#### TO DO
Only one stretch of the material below is wanted: everything from the line containing "[00:13.716] | ホソイコエ |" down to the line containing "Domáci test Hexaphan", both ends included. Repeat it exactly and skip the pictures.

#### RECORDS SHOWN

▬▬▬

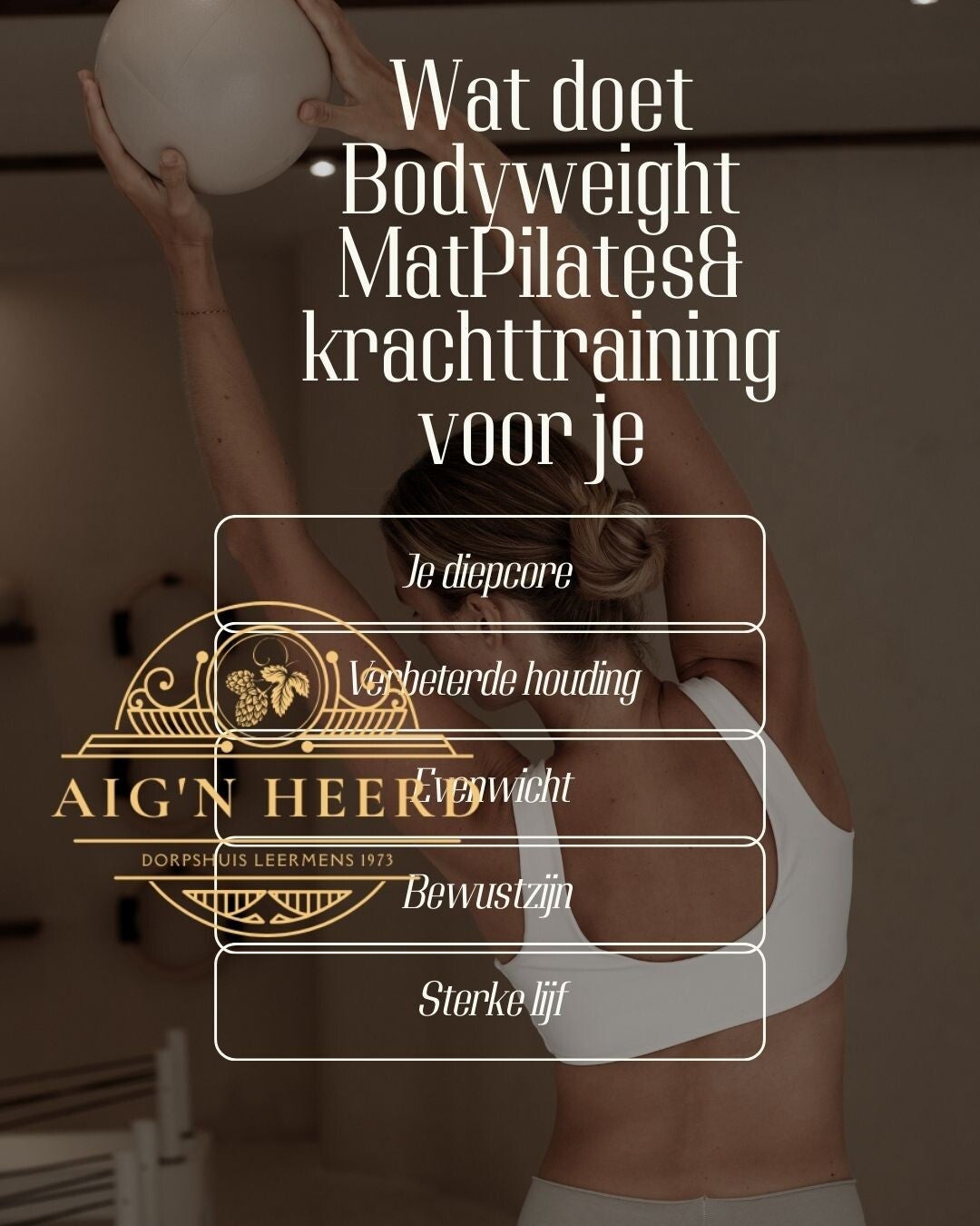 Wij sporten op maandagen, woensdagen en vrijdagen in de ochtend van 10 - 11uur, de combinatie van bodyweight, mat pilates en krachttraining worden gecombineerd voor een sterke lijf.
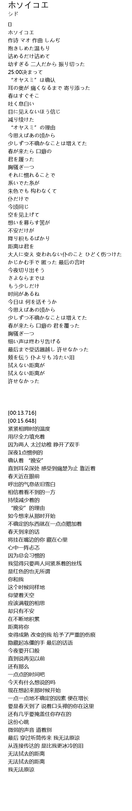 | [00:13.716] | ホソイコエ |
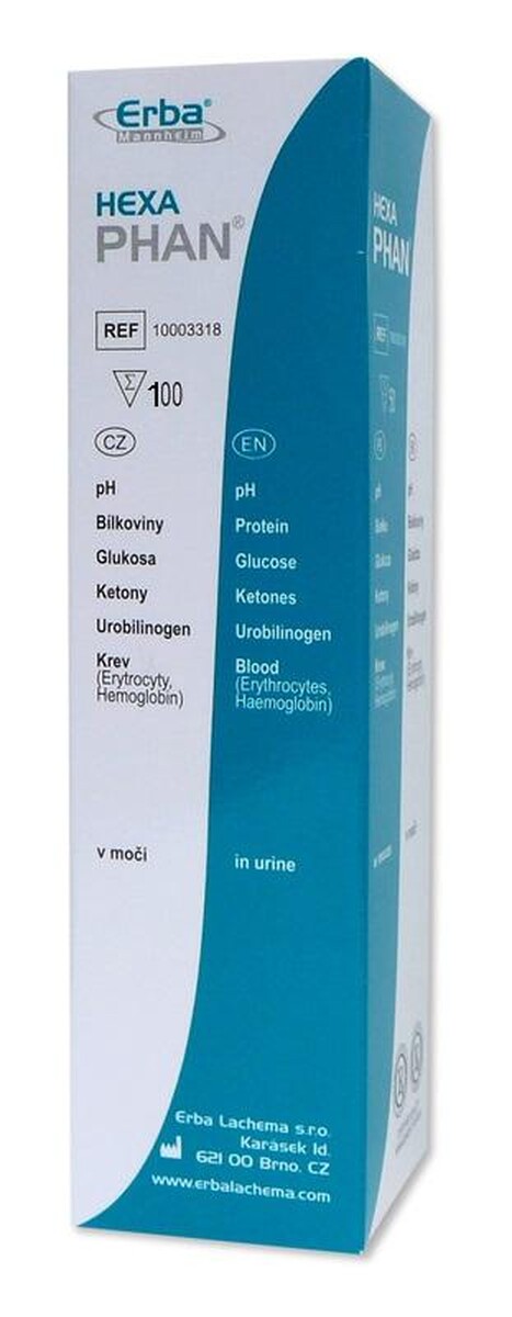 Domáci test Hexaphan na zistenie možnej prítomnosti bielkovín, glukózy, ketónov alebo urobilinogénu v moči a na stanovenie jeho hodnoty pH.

▬▬▬

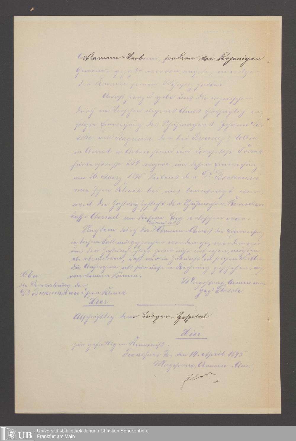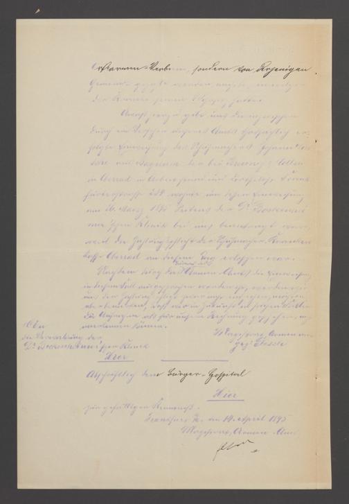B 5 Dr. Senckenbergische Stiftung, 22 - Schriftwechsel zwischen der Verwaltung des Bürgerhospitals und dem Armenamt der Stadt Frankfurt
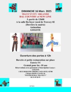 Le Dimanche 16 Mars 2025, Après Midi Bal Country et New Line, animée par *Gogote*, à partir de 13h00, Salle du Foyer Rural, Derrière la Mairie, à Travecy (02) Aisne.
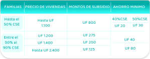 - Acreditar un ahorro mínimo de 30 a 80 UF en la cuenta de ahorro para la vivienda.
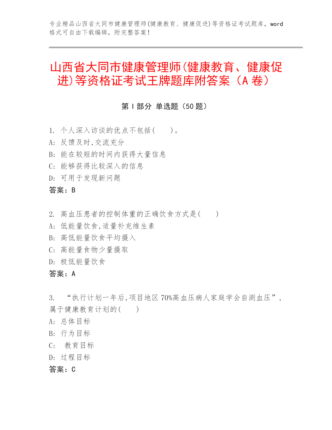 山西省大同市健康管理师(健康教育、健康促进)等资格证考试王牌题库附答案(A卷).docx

▬▬▬

#### RESPONSE
 | [00:13.716] | ホソイコエ |
 Domáci test Hexaphan na zistenie možnej prítomnosti bielkovín, glukózy, ketónov alebo urobilinogénu v moči a na stanovenie jeho hodnoty pH.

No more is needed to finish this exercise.